Kirk: He's the captain. 'Nuff said.
King: I will admit, the fact that Stephen King writes genre and has mountains of cash did little to dissuade me from the notion of being a writer when I was a teen. He made it seem fun. And a lot of the stuff he wrote in the 70's is just darn rip-roarin'. The shorter, expurgated version of The Stand is a marvelous epic fantasy.

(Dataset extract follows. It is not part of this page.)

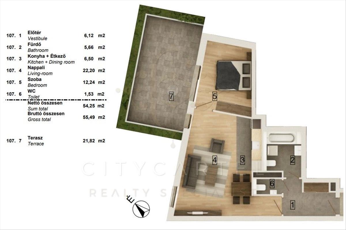 A liftes társasház 1. emeletén található, 58, 23 nm -es, (54, 25 nm lakás 21, 82 nm terasszal) 2 szobás lakás korszerű hőszivattyús fűtés–hűtéssel és teljes körű okosotthon-rendszerrel felszerelve várja új tulajdonosát. a burkolatok még választhatók, így a leendő tulajdonos saját ízlésére szabhatja az ingatlant.

Kong: I'm talking about the Jeff Bridges/Jessica Lange version. It was filmed at MGM studios, just down the road from where I grew up, in Culver City. I'd managed to convince myself that the studio had built a fully mobile 40-foot high mechanical Kong capable of walking freely and climbing buildings and killing everyone. I was very disappointed that the monster robot ape never broke free from the studio property to wreck my hometown.
Ktulu: My favorite spelling of the Great Cephalopod's name. And Metallica's "Call of Ktulu" is totally awesome, dude.
Kvasir: Kvasir was a Norse god created from the saliva of all the other gods. A pair of dwarves offed him, mixed his blood with honey, and fermented the mead that inspires all poets. Think you suffer for your art? Kvasir suffers for your art, too.
Killer Whale: For my money, killer whales are the coolest of all animals, no competition. They've got intelligence, cunning, speed, power, grace, and an insanely cool color scheme. I'd do three rounds as an earthworm if I could come back as a killer whale for my fourth.
Kilt Lifter: There are folks with whom I could have endless debates about which Four Peaks Brewing Company beer is better, the English-style bitter 8th Street Ale, or the Scottish-style Kilt Lifter. The Kilt Lifter has better flavor, but the 8th Street is crisper and doesn't sit in your gut like a loaf of bread. So, the 8th Street gets the nod, because you can enjoy more of it. But if it's not too hot a day and I just want to leisurely sip a pint? Kilt Lifter is the way to go. And it's very nice to have such dilemmas to unravel.